Yandex.Fotoğraflar'da

Yastığın tarihi

Yastıksız bir hayat düşünemesek de yastıklar başlangıçta sadece varlıklı insanlar tarafından kullanılıyordu. İlk yastıklar eski Mısır piramitlerinde bulunmuştur.

Rüyada karmaşık bir saç stilini bozmamak için yastıklar onlar tarafından icat edildi. Yastık daha sonra bir stand üzerindeki kavisli plakalardan oluşuyordu.

Yastıkların üzerinde uyuyan kişiyi karanlık güçlerden, mistik bitkilerden ve hayvanlardan koruyan tanrılar tasvir edilmeye başlandı.

19. yüzyıla kadar Japonya'da ahşap yastıklar yaygındı.

Geleneksel olarak Çin yastıkları taş, porselen veya metalden yapılmıştır. Bunlar aynı zamanda sağlam dikdörtgen stantlardı. Bazı yastıklar daha sanatsal bir şekilde yapılmıştı ve insanları, hayvanları ve ev eşyalarını tasvir eden oldukça küçük heykel figürleriydi.

Afrika'da ahşap ve taştan yapılmış sert yastıklar da kullanıldı.

İlk yumuşak yastıklar Yunanistan'da ortaya çıktı. Burada konfora daha çok değer veriliyordu ve Yunan yastıklarının Mısır yastıklarıyla hiçbir bağlantısı yoktu. Yatak Yunanlılar için bir kült nesnesiydi; günün çoğunu onun üzerinde geçirirlerdi.

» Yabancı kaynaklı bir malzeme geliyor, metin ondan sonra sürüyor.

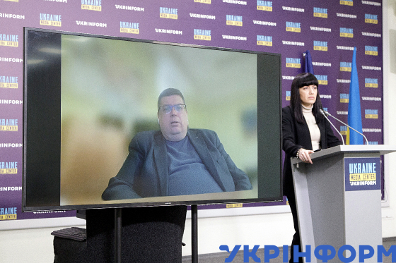 Віцепрезидент Асоціації міжнародних автоперевізників Володимир Балін (на екрані) та модераторка Ольга Атаманова під час брифінгу на тему: "Блокування кордонів та подолання їхніх наслідків" в Українському національному інформаційному агентстві "Укрінформ", Київ, 19 грудня 2023 року.

Bu nedenle yumuşak şilteler ve yastıklar Yunanistan'da icat edildi.

Boya yapma ve dikiş tekniklerindeki gelişmişlik, yastığın bir sanat nesnesine dönüşmesine yol açtı ve zengin bir şekilde dekore edilmiş yastıklar pahalı mallar haline geldi.

MÖ 5. yüzyılda her zengin Yunanlının bir yastığı vardı. Yastık boyutları değişiyordu. İçleri hayvan kılı, çimen, kuş tüyü ve kuş tüyleriyle doluydu. Kapak deri veya kumaştan yapılmıştır, dikdörtgen veya kare olabilir.

Antik Roma'da ilk başta yastıklara güvenilmezdi. Ancak Romalılar çok geçmeden yastıkları, özellikle de kuş tüyü yastıkları takdir etmeye başladılar. Yastık yapımında kaz tüyü kullanıldı. Çoğu zaman askeri komutanlar astlarını askerlik hizmetinden muaf tutuyor ve onları yastık almaya gönderiyordu.

O zamanlar yastıkların sihirli bir etkisi olduğuna inanılıyordu. Örneğin Nero, daha rahat uyuyabilmesi için yılan derisi bileziğini yastığının altına koymuştu. Octavianus Augustus, Romalı bir asilzadenin yastığını almak istiyordu. Borç batağındaydı ve tüm mal varlığı satıldı. İmparator Augustus, borçlulara yastık alınmasını emretmiş; ona göre bu kadar çok borcu olan bir kişinin huzur içinde uyuyacağı bir yastığa sahip olmak istiyordu.

Yastıklarla ilgili pek çok ilginç hikaye var. Bunlardan bazıları.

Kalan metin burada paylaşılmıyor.